Many high school text books, once converted to large print, can turn into three or more weighty chapter volumes. Multiply that by the number of books the average high-schooler requires in each class, the load can be cumbersome and create learning obstacles. The pilot program will replace the need for costly text enlargement and printing expenditures that in FY’ 12 cost CBVI an estimated $100,000.

“The Commission is eager to explore the viability of this single piece of technology as a learning tool for our students,” said Vito DeSantis, Executive Director of the CBVI.  “The Commission continues to evolve services, as appropriate, to ensure students’ academic success.”

The students and their families attended the training on how to use the iPAD with the assistance of the CBVI teaching staff.  The Commission provides educational services from birth through high school years to eligible children and their families. These services are designed to empower students who are visually impaired to participate equally with other students in regular classroom activities. The effectiveness of the use of the iPAD as an electronic book reader will be evaluated throughout this year. 

The training included hands on instruction during which the students learned proper care of the iPAD, how to operate the device, how to download useful applications, how to download books and how to use the tutorial websites. 

CBVI was established in 1910, after Helen Keller lobbied the New Jersey Legislature to develop and organize a state agency for residents who have vision loss. The Commission provides a variety of services, including educational, employment and independence training as well as prevention of vision loss and eye health.
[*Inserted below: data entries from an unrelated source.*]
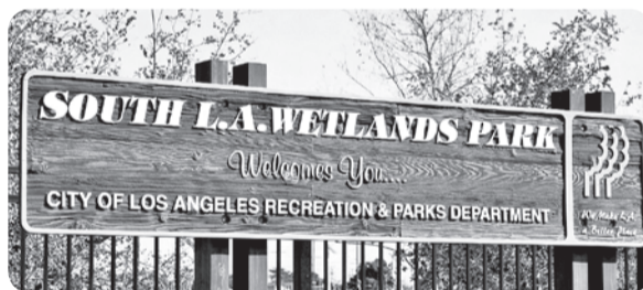
The opening of South Los Angeles' Wetlands Park.

Special thanks to Public Works for making the park a reality.
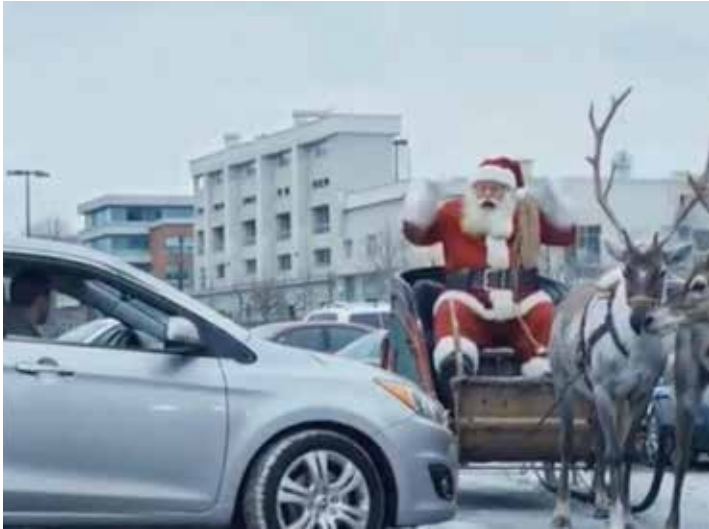
The message: retreat to a McDonald's restaurant until January and ride out the festive season.

The message: retreat to a McDonald's restaurant until January and ride out the festive season. But the generative AI ad sparked a (Mc)flurry of criticism on social media.
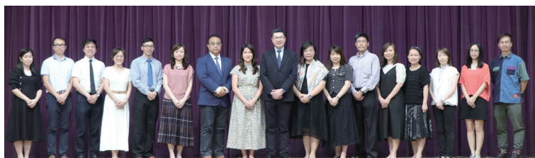
School Core Team

For eligible students, CBVI teachers of the blind or partially sighted provide educational instruction up to the age of 21.  CBVI contracts with local school districts to provide comprehensive services, including the assessment and evaluation of a student’s visual abilities, and when applicable, provides instruction in Braille and related skills.
CBVI also will loan local school districts appropriate adaptive equipment and make aides and special educational materials available.